Unfortunately, the software faults that come from requirements and design
mistakes are visible only through testing months or years after the original
mistake. The effects of the mistake tend to be dispersed throughout
multiple software components; hence such faults are usually difficult to
pin down and expensive to correct. On the positive side, even if tests
cannot be executed, the very process of defining tests can identify a
significant fraction of the mistakes in requirements and design. Hence, it is
important for test planning to proceed concurrently with requirements
analysis and design and not be put off until late in a project. Fortunately,
through techniques such as use case analysis, test planning is becoming
better integrated with requirements analysis in standard software practice.
Although most of the literature emphasizes these levels in terms of
when they are applied, a more important distinction is on the types of
faults that we are looking for. The faults are based on the software artifact
that we are testing, and the software artifact that we derive the tests from.

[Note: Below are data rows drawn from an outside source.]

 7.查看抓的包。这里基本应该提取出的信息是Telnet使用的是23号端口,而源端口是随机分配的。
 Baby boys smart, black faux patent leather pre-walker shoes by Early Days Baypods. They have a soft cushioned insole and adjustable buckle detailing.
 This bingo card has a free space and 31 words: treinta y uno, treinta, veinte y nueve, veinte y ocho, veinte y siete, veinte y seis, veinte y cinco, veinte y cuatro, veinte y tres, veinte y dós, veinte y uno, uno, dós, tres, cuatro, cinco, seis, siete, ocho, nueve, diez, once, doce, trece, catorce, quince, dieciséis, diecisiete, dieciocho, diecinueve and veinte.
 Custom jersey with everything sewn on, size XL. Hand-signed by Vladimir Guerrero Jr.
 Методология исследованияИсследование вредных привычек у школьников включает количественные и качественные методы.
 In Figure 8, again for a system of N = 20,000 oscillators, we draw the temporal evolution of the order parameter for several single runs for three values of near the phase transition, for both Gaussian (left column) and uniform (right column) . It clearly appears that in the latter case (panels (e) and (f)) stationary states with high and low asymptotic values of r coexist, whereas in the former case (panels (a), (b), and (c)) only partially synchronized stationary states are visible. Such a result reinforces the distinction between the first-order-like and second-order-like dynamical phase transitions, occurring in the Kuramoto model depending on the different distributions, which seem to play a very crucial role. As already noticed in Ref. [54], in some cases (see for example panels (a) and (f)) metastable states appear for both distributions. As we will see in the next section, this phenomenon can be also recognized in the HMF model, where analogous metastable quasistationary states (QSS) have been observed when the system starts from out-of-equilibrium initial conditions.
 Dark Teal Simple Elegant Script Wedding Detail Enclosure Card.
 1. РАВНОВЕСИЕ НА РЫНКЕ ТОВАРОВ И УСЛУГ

For example, unit and module tests are derived to test units and modules,
and we usually try to find faults that can be found when executing the units
and modules individually.
One final note is that OO software changes the testing levels. OO
software blurs the distinction between units and modules, so the OO
software testing literature has developed a slight variation of these levels.

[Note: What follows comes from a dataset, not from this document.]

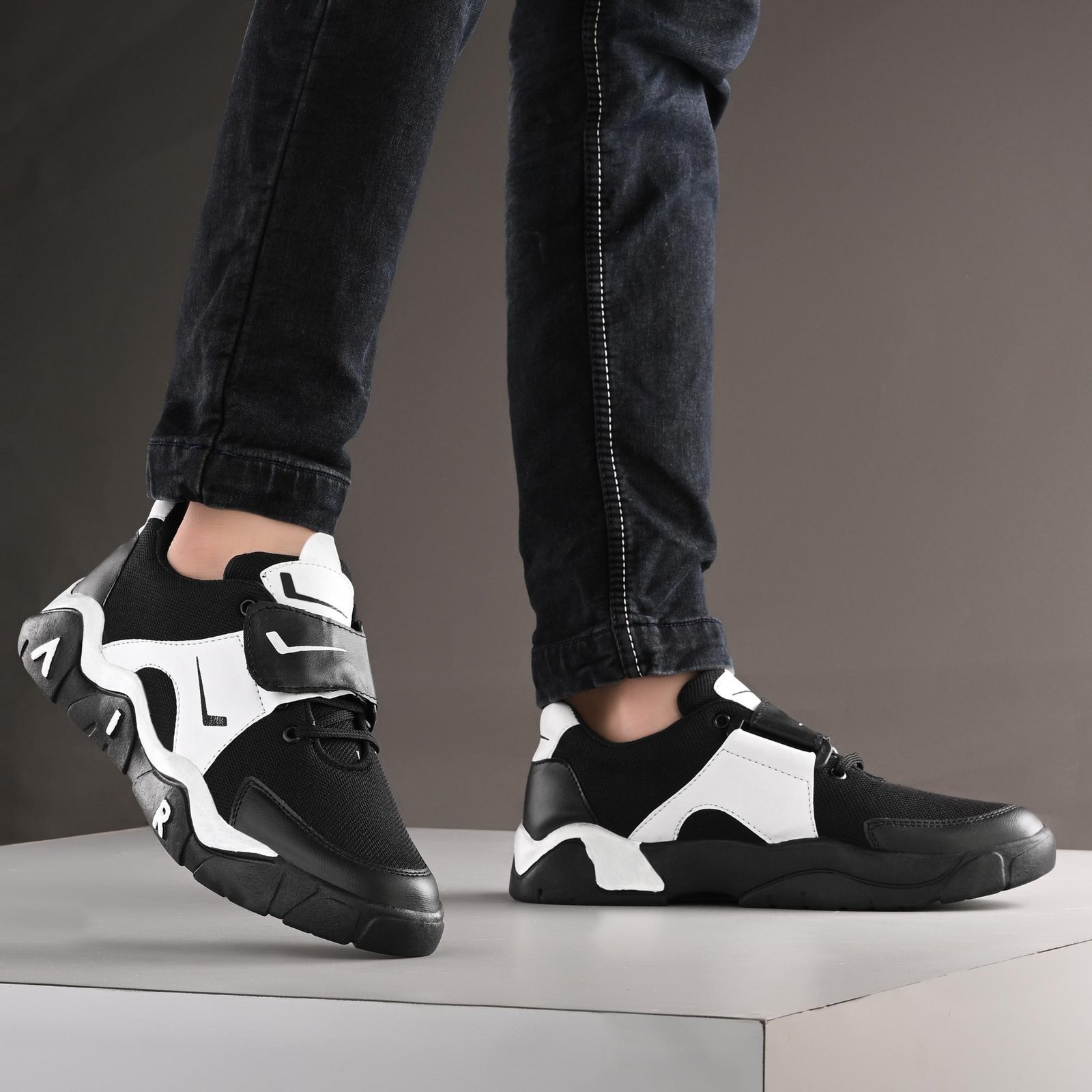 But comfort is only half the story. These sneakers are also a statement piece, boasting a sleek and modern design that's sure to turn heads. The contrasting black and white color scheme exudes a timeless elegance, while the unique sculpted sole adds a touch of personality. Whether you're pairing them with jeans and a t-shirt or a dressy outfit, these sneakers will elevate your style to new heights.

Intra-method testing evaluates individual methods. Inter-method testing
evaluates pairs of methods within the same class. Intra-class testing
evaluates a single entire class, usually as sequences of calls to methods
within the class. Finally, inter-class testing evaluates more than one class
at the same time. The first three are variations of unit and module testing,
whereas inter-class testing is a type of integration testing.
2.4 COVERAGE CRITERIA
The essential problem with testing is the numbers. Even a small program
has a huge number of possible inputs. Consider a tiny method that
computes the average of three integers. We have only three input
variables, but each can have any value between -MAXINT and
+MAXINT. On a 32-bit machine, each variable has a possibility of over 4
billion values. With three inputs, this means the method has over 80
Octillion possible inputs!
So no matter whether we are doing unit testing, integration testing, or
system testing, it is impossible to test with all inputs. The input space is, to
all practical purposes, infinite. Thus a test designer’s goal could be
summarized in a very high-level way as searching a huge input space,
hoping to find the fewest tests that will reveal the most problems. This is
the source of two key problems in testing: (1) how do we search? and (2)
when do we stop? Coverage criteria give us structured, practical ways to
search the input space. Satisfying a coverage criterion gives a tester some
amount of confidence in two crucial goals: (A) we have looked in many
corners of the input space, and (B) our tests have a fairly low amount of
overlap.
Coverage criteria have many advantages for improving the quality and
reducing the cost of test data generation. Coverage criteria can maximize
the “bang for the buck,” with fewer tests that are effective at finding more
faults. Well-designed criteria-based tests will be comprehensive, yet factor
out unwanted redundancy. Coverage criteria also provide traceability from
software artifacts such as source, design models, requirements, and input
space descriptions. This supports regression testing by making it easier to
decide which tests need to be reused, modified, or deleted. From an
engineering perspective, one of the strongest benefits of coverage criteria
is they provide a “stopping rule” for testing; that is, we know in advance
approximately how many tests are needed and we know when we have
“enough” tests. This is a powerful tool for engineers and managers.
Coverage criteria also lend themselves well to automation. As we will
formalize in Chapter 5, a test requirement is a specific element of a
software artifact that a test case must satisfy or cover, and a coverage
criterion is a rule or collection of rules that yield test requirements. For
example, the coverage criterion “cover every statement” yields one test
requirement for each statement. The coverage criterion “cover every
functional requirement” yields one test requirement for each functional
requirement. Test requirements can be stated in semi-formal, mathematical
terms, and then manipulated algorithmically. This allows much of the test
data design and generation process to be automated.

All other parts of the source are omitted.